The researchers also analyzed overall survival in a subgroup of patients who had progressive disease and did not appear to benefit from tebentafusp treatment. In this group, at 100 days, more patients on tebentafusp were alive compared to those receiving standard therapies. Hassel and colleagues noted based on this analysis that RECIST criteria may underestimate the treatment responses to a T-cell receptor bispecific fusion protein like tebentafusp, which slows but may not stop disease progression.

Researchers further considered the association between clinical factors, such as rash, and overall survival in the trial. Out of 254 total patients treated with tebentafusp, 203 developed a rash, but the researchers determined there was no significant difference in overall survival based on this adverse event, Hassel said. She noted that most adverse events seen with tebentafusp, including the rash, were manageable and consistent with the drug's mechanism of action.

"This is the first ever study that has shown improvement in overall survival in patients with uveal melanoma," said AACR President Antoni Ribas in a press conference. "Patients with uveal melanoma that has become metastatic haven't had a new effective treatment for more 40 years. This trial showed improvement in overall survival by 50 percent in patients who receive tebentafusp."

Tebentafusp is a bispecific fusion protein that binds to and targets the gp100 antigen expressed in melanoma cells that are HLA-A*02:01-positive. After identifying and binding to these cells, the drug redirects T cells to attack the gp100-expressing melanoma cells.

Since tebentafusp redirects T cells to recognize a part of the gp100 protein only presented on tumors by HLA-A*02:01, patients will have to be tested to gauge if their tumors have this cell surface molecule. Hassel said HLA-A*02:01 typing is not routine for uveal melanoma patients, but the test is well-established in most university hospitals and samples also can easily be sent to external labs offering HLA typing.

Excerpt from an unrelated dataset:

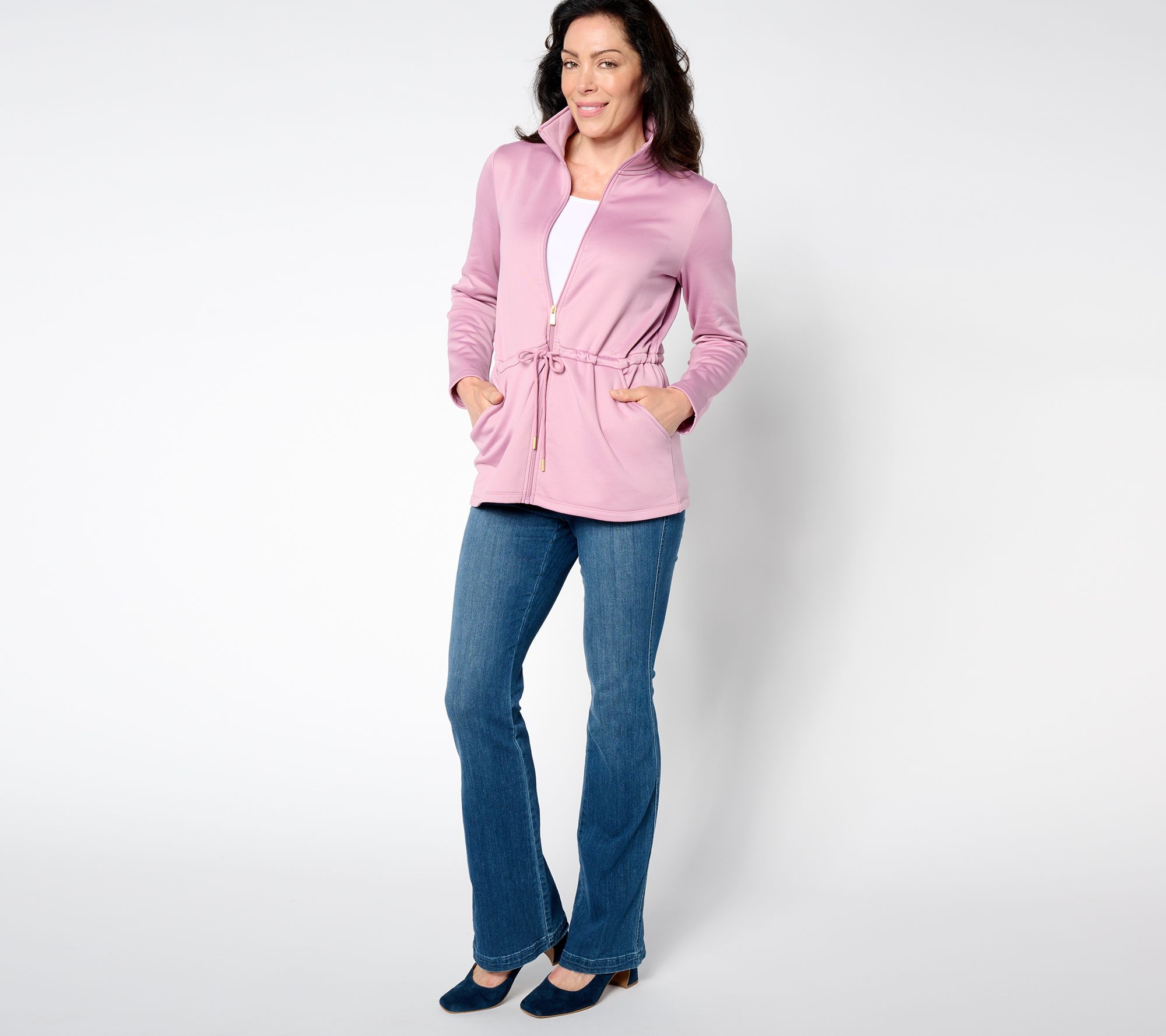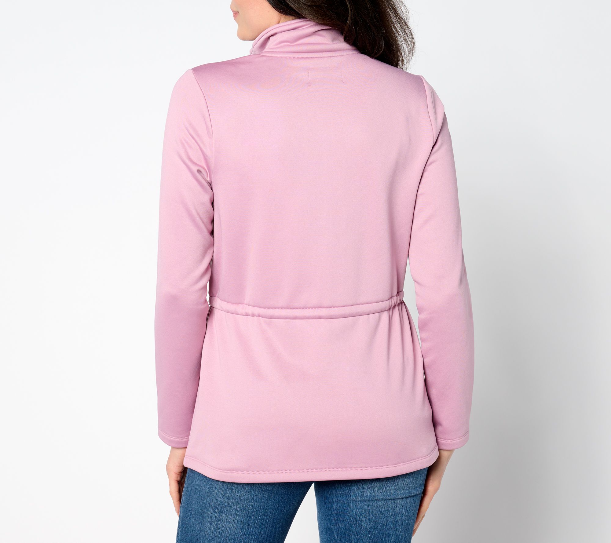 Casual days call for something chic and cozy, like this fleece jacket. The drawstring detail cinches at the waist for a flattering look and functional side pockets provide added convenience. Layer it over a tank top or T-shirt on cooler days for effortless style and comfort. From Susan Graver.

According to Hassel, this HLA type is common among Caucasians who are most likely to develop uveal melanoma, with roughly 50 percent of Caucasians expressing HLA-A*02:01. She noted during her presentation that gp100 is a better target in uveal melanoma than it is in cutaneous melanoma. "In almost all cases, when you test uveal melanoma, you will find gp100," she said.

In February, the US Food and Drug Administration granted breakthrough therapy designation to tebentafusp as a treatment for HLA-A*02:01-positive patients with unresectable or metastatic uveal melanoma. Immunocore has said it plans to submit a biologic license application to the FDA for tebentafusp in Q3 2021.